No, and GlyNAC is generally more effective than oral glutathione supplementation. Oral glutathione is poorly absorbed intact from the gastrointestinal tract because it is hydrolyzed to its component amino acids by intestinal enzymes before absorption. GlyNAC bypasses this problem by providing the two rate-limiting precursor amino acids (glycine and cysteine via NAC) that the body uses to synthesize glutathione intracellularly, where it is needed. Intracellular glutathione synthesis from GlyNAC precursors is more effective at raising cellular glutathione levels than oral glutathione supplementation in most research comparisons.
The Bottom Line on GlyNAC
GlyNAC is the most evidence-backed nutritional longevity intervention of the last decade. The Sekhar trials at Baylor College of Medicine demonstrated simultaneous significant improvements in eight aging hallmarks in a randomized controlled trial — a result that no other single nutritional intervention has replicated. The mechanism is precise and well-characterized: aging depletes both glycine and cysteine, the two rate-limiting precursors for glutathione synthesis; GlyNAC replenishes both simultaneously, restoring glutathione and reversing the downstream cascade of oxidative stress, mitochondrial dysfunction, inflammaging, insulin resistance, and physical decline that glutathione deficiency drives.
For optimal results:
- Take glycine and NAC together daily with food
- Use consistently for a minimum of 12 to 16 weeks for measurable glutathione restoration
- Maintain higher glycine relative to NAC (the research ratio is approximately 1.75:1 by weight)
- Continue long-term; benefits reverse when supplementation is stopped
- Consult a healthcare practitioner before use if taking antibiotics, nitroglycerin, or prescription medications
The Nutridom GlyNAC stack: Glycine 1000mg (NPN 80139967) and NAC 600mg (NPN 80078286) — both vegan, non-GMO, gluten-free, GMP certified, made in Canada, Health Canada licensed.
Medical Disclaimer: This information is provided for educational purposes only and has not been evaluated by Health Canada or the FDA. These products are not intended to diagnose, treat, cure, or prevent any disease. Do not use NAC if taking antibiotics or nitroglycerin. Individuals taking prescription medications, those with kidney stones or kidney disease, or those who are pregnant or breastfeeding should consult a qualified healthcare practitioner before use. NAC doses above 1,200mg per day should be used under healthcare practitioner supervision.
References
1. Kumar P, et al. Supplementing glycine and N-acetylcysteine (GlyNAC) in older adults improves glutathione deficiency, oxidative stress, mitochondrial dysfunction, inflammation, physical function, and aging hallmarks. Clinical and Translational Medicine. 2021;11(3):e372.
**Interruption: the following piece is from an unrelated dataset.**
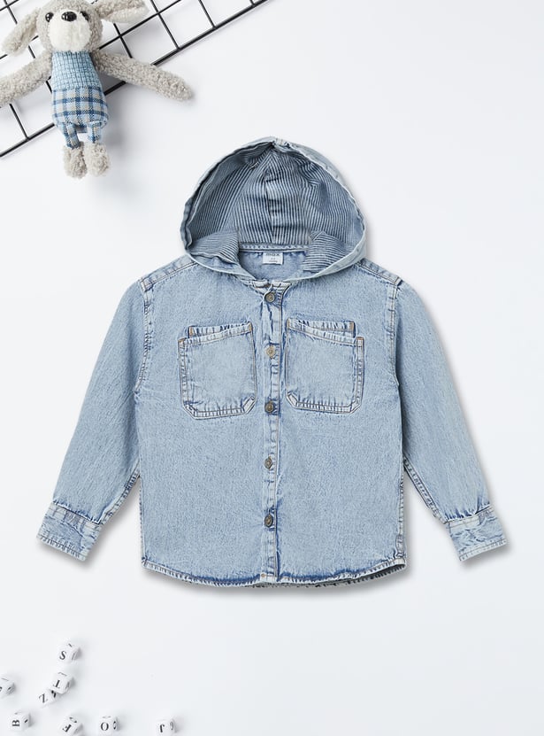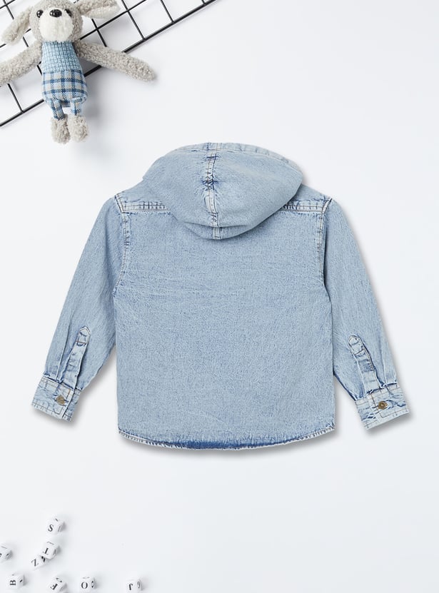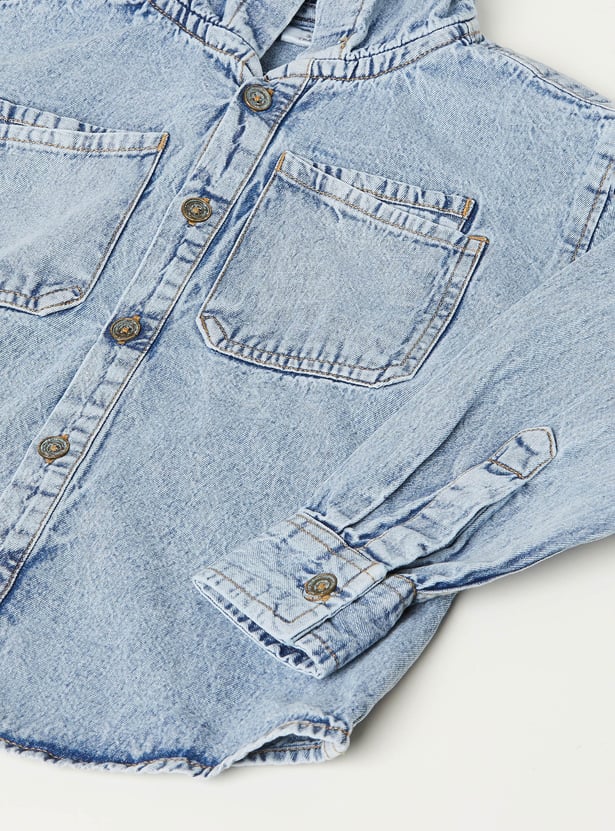 Boys Washed Hooded Oversized Denim Shirt

2. Sekhar RV, et al. GlyNAC supplementation improves glutathione deficiency, oxidative stress, mitochondrial dysfunction, inflammation, aging hallmarks, metabolic defects, muscle strength, cognitive decline, and body composition in older adults. Journal of Nutrition. 2022;152(12):2781-2798.
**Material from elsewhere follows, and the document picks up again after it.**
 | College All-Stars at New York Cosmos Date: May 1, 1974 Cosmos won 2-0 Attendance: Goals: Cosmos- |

3. Sekhar RV, et al. Deficient synthesis of glutathione underlies oxidative stress in aging and can be corrected by dietary cysteine and glycine supplementation. American Journal of Clinical Nutrition. 2011;94(3):847-853.
4. Sekhar RV, et al. Glutathione synthesis is diminished in patients with uncontrolled diabetes and restored by dietary supplementation with cysteine and glycine. Diabetes Care. 2011;34(1):162-167.
5. Lopez-Otin C, et al. The hallmarks of aging. Cell. 2013;153(6):1194-1217.
6. Meister A. Glutathione metabolism and its selective modification. Journal of Biological Chemistry. 1988;263(33):17205-17208.
7. Atkuri KR, et al. N-Acetylcysteine: a safe antidote for cysteine/glutathione deficiency. Current Opinion in Pharmacology. 2007;7(4):355-359.